楠田さんは兵庫県加西市出身で、現在は神戸在住。フリーランスのモビリティジャーナリストとして、ウェブ記事の執筆、書籍の出版、各地の交通検討会の委員、企業への相談・提案など幅広く活動しています。そのきっかけは、自動車新聞社で働いていたときに兵庫県西宮市の交通に関する検討会に声がかかったことでした。


祖母の免許返納が教えてくれたこと

活動の原点には個人的な体験があります。祖母が免許返納した後、買い物にも行けず寂しそうにしている姿を見て、同じように困っている人たちのために何とかしたいと思ったそうです。その思いから「移動貧困社会からの脱却」という書籍を執筆されました。

 

スイスで目撃した「個人を中心に設計された社会」

スイス留学の経験も大きな転機となったといいます。そこで目にしたのは、日本とは全く異なる社会の仕組みでした。障害のある人が制約なく生活でき、周囲がサポートする環境、短い労働時間で自由な働き方ができること、そして個人を中心に社会の仕組みが設計されていることに衝撃を受けたそうです。

特に印象的だったのは交通システムの違い。日本ではバス、鉄道、タクシーがバラバラに計画されているのに対し、ヨーロッパでは全体的に設計され、移動手段が戦略的に配置されていたとのこと。日本では各交通事業者が個別に事業を行っているため、全体的なまとまりがないように感じられるといいます。

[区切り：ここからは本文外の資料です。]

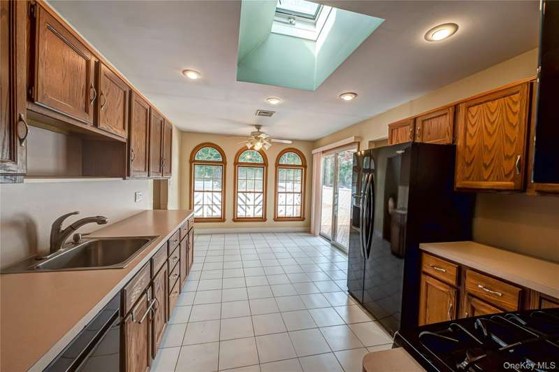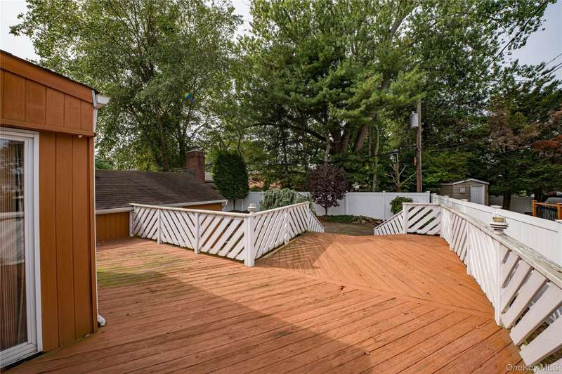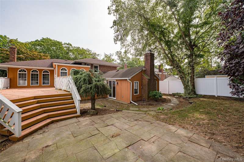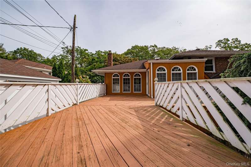 Lovely split level home located in Seaford Manor. Beautiful oak floors through out. Fabulous expanded great room 15' x 30 with brick, wood burning fireplace. Spacious kitchen extended 9' for sunny breakfast room or dining area, 4 bedrooms and 3. full baths. Arched windows, spacious deck and private yard.
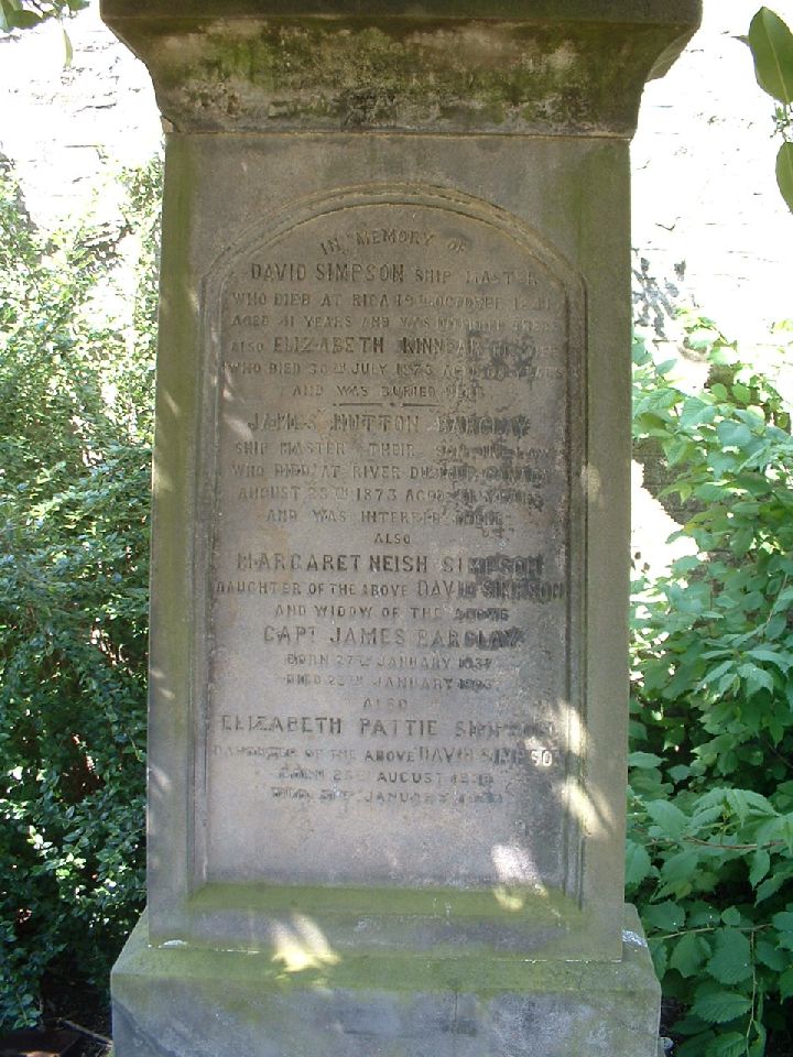 James Hutton Barclay shipmaster their son in law who died at River Du Loup Canada August 28th 1873 aged 41 years and was interred there Also Margaret Neish Simpson daughter of the above David simpson and widow of the above Capt James Barclay Born 27th January 1837 Died 23rd January 1903 Also Elizabeth Pattie Simpson Born 25th August 1839 Died 31st January 1933
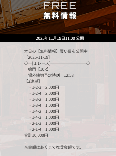 | 10/19 | 鳴門8R | 的中 | 34,500円 |  |
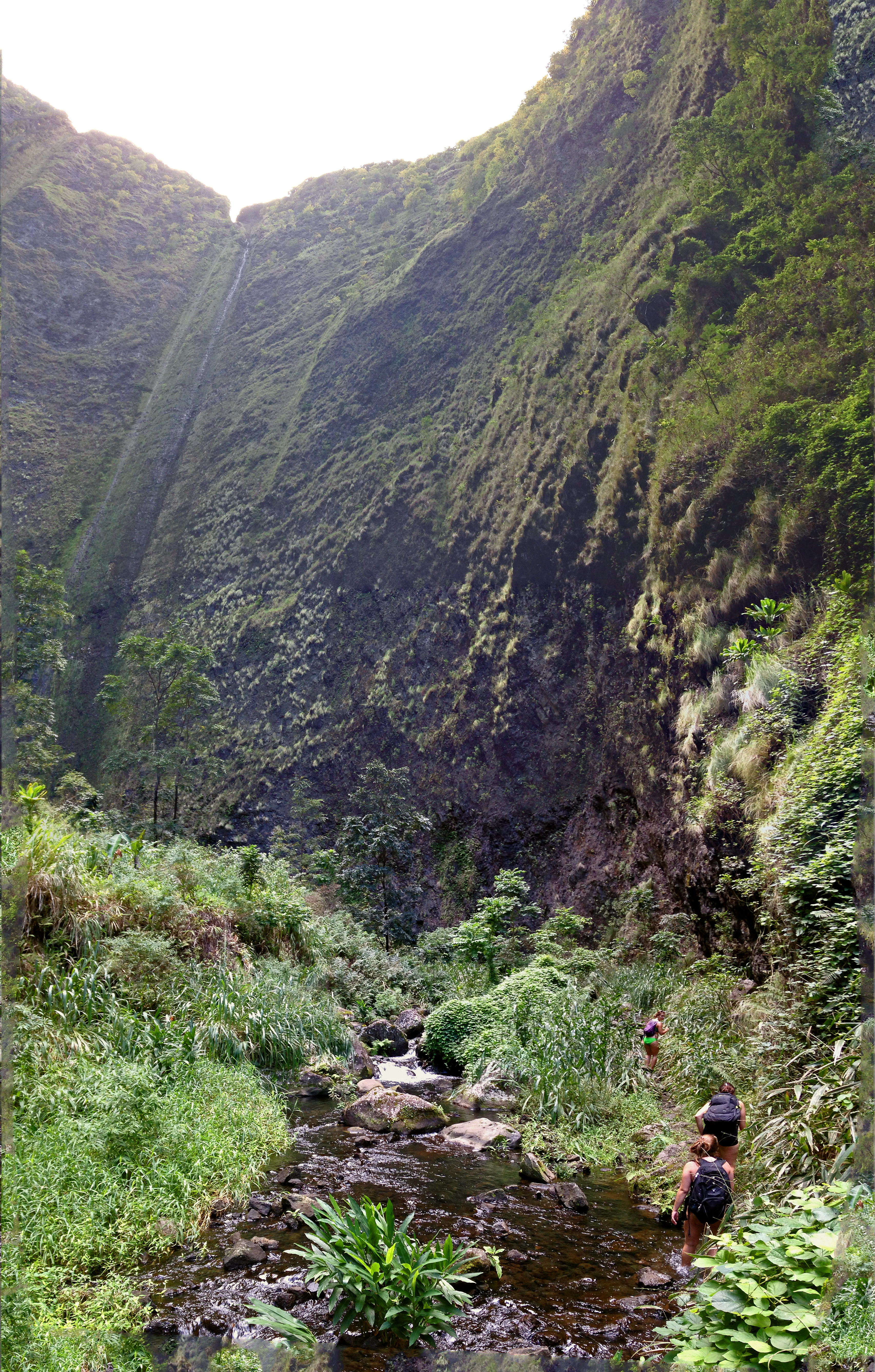 Hiilawe Falls is located at the back of Waipio Valley. The hike itself is only two miles, but it is on a road with an average grade of 25-40% followed by a mile upstream a river. I was sore for days after doing this hike.
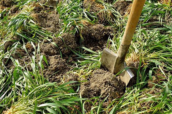 - Ранней весной скосить всю имеющуюся зелень. Затем перекопать ее вместе с землей на глубину 12-15 см (для легких почв) либо 6-8 см (для тяжелых).

楠田さんは現在、自転車の通学路整備にも力を入れています。小学校の通学路は整備されていますが、中高生の通学路は市町村をまたぐため管理が難しく、事故で亡くなる高校生もいるという深刻な状況です。滋賀県は平坦な地形なので、自転車をもっと活用すべきだと提案しています。

また、2026年初めに発行予定の書籍では、フランスの先進的な交通計画を紹介する予定だそうです。フランスではデータに基づく地域交通計画が作られており、交通だけでなく都市計画、商業施設、学校、観光施設などが全体的にネットワークで繋がっています。さらに、大学で交通を学ぶ人材育成プログラムがあり、その専門家が自治体や交通事業者に提案できる力を持っているそうです。

フランスが参考になるのは、地方都市が賑わっているからだといいます。地方への移住が進み、子育て世代が住んでいる。人口はフランスより日本の方が2倍多く、面積は日本の方が小さいのだから、まだまだできることはたくさんあるはずだとお話がありました。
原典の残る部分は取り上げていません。